Results and discussion

CZTS nanoparticles

The synthesis of CZTS nanoparticles was previously carried out using a mixture of [Cu(S₂CNEt₂)₂] (1), [Zn(S₂CNEt₂)₂] (2) and [Sn(S₂CNEt₂)₄] (4) in octadecene and oleic acid, followed by injection into oleylamine.²⁷ Herein we report a method using [ⁿBu₂Sn(S₂CNEt₂)₂] (3) in place of [Sn(S₂CNEt₂)₄] (4) in oleylamine. The reported decomposition temperatures of copper, zinc and tin diethyldithiocarbamates (1), (2) and (4)²⁷ are 220 °C (1), 240 °C (2), and 174 °C (4),^18,24,27 which may have led to premature decomposition/over-incorporation of tin due to the lower decomposition temperature of the [Sn(S₂CNEt₂)₄]. In our studies, thermogravimetric analysis (TGA) of the complexes (1), (2) and (3) (Fig. S3, ESI†), showed more compatible and sharp decomposition starting at 284 °C (1), 303 °C (2) and 300 °C (3), all leading to their corresponding metal sulphides. The mid-point of each decomposition is within 5 °C of 330 °C. These TGA results for complexes (1), (2) and (3) match well with our previous reports.²⁸ The difference in the decomposition temperatures between this work and earlier reports may be due to the method of reporting or experimental differences.

The p-XRD pattern (Fig. 1) of the sample prepared at 220 °C for 1 hour shows main peaks at d-spacings of: 3.14, 2.73, 1.92, 1.64, 1.35, 69.34 and 1.24 for the (112), (200), (204), (312), (400) and (316) spacings of kesterite CZTS (ICDD: 04-015-0223).²⁴ The p-XRD patterns of samples formed at other temperatures are shown in the ESI† (Fig. S1).

Fig. 1 The p-XRD patterns of CZTS nanoparticles synthesised at 220 °C for 1 hour. The reference patterns are of kesterite CZTS (ICDD: 04-015-0223). The TEM images showed hexagonal particles with an average size of 10 ± 2 nm. The high resolution TEM (HRTEM) images shown in Fig. 2a and b, exhibit clear lattice fringes with measured d-spacing of ca. 0.313(1) nm corresponding to the (112) lattice plane of the kesteritic CZTS structure (Fig. 2c). The elemental composition of the CZTS nanocrystals was determined by energy dispersive X-ray spectroscopy (EDX), which gave a Cu/Zn/Sn/S composition (atomic%) of Cu (28.43%), Zn (11.38%), Sn (12.85%) and S (47.34%).

The stoichiometry of the material is Cu_2.5Zn₁Sn_1.1S₄, which is slightly Cu rich (however Cu grids were used for the TEM). Fig. 2d shows the selected area elemental map for the nanoparticles synthesised at 220 °C; it shows a uniform distribution of the elements in the entire area of analysis.

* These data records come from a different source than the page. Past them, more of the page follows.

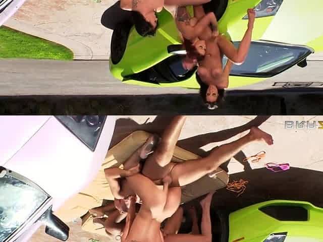 Outdoor car sex with big boobs brunette MILF Aubrey Black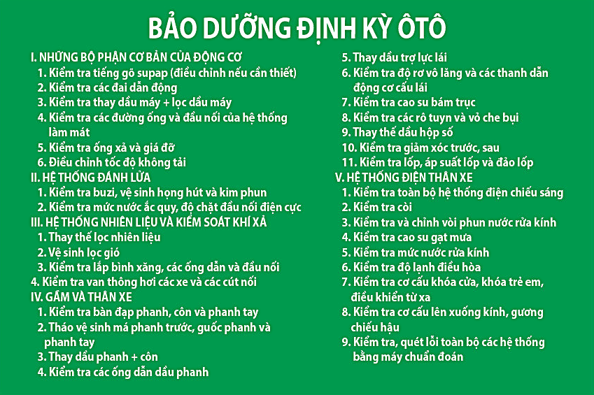 Các bước bảo dưỡng chi tiết mà quý khách sẽ được phục vụ như hình sau: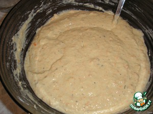 Постепенно всыпая муку, делаем тесто, как на оладьи.

Fig. 2 (a) and (b) are the HRTEM images, (c) the diffraction patterns and (d) the elemental map of CZTS nanoparticles synthesised at 220 °C. The scale bar shown for the elemental map is ca. 50 nm.

The valence state of the elements in the nanoparticles synthesised at 220 °C were determined by XPS (Fig. 3); binding energies were as follows: Zn 2p_3/2, 1017 eV; Cu 2p_3/2, 926 eV; Cu 2p_1/2, 947 eV; Sn 3d_5/2, 480 eV; Sn 3d_3/2, 491 eV; S 2p_3/2, 156 eV; S 2p_1/2 158 eV. The values are commensurate with the valence states Cu(I), Sn(IV), Zn(I) and S²⁻.²⁵

Fig. 3 High resolution XPS spectra of CZTS nanoparticles synthesised at 220 °C.

Organic field-effect transistors

The details of OFET fabrication using both 5T-TTF and P3HT organic semiconductors are given in the experimental section. The results for OFETs fabricated using 5T-TTF are summarised below in Table 1. OFETs fabricated using only 5T-TTF show an average hole mobility of 9.5 × 10⁻³ cm² V⁻¹ s⁻¹, which is similar to that determined previously.²⁶ The output and transfer characteristics for the devices tested are shown below in Fig. 4a and b. The current response is increased (Fig. 4c) for the OFET fabricated using 5 wt% CZTS and the hole mobility calculated is 0.016 cm² V⁻¹ s⁻¹, a 68% increase with respect to the device fabricated using pristine 5T-TTF. The I_ON/I_OFF ratio remains the same for both devices. When the nanoparticle concentration is increased, there is no saturation observed in the output graph. In order to investigate the OFET performance further, AFM was used in tapping mode to characterise the surface morphology of the different devices; these images are shown in Fig. 5. The surface of the OFET fabricated using 5T-TTF is comparable to the image of the surface from the previously fabricated device.²⁶ Surprisingly, despite the increased roughness of the surface of the device fabricated with 5 wt% CZTS, compared to the pristine organic film, the hole mobility is higher. As the concentration of CZTS is increased to 10%, there is a significant change in morphology with the 5T-TTF domains being broken up. The emergence of a number of gaps in the film explains the poor performance for this device.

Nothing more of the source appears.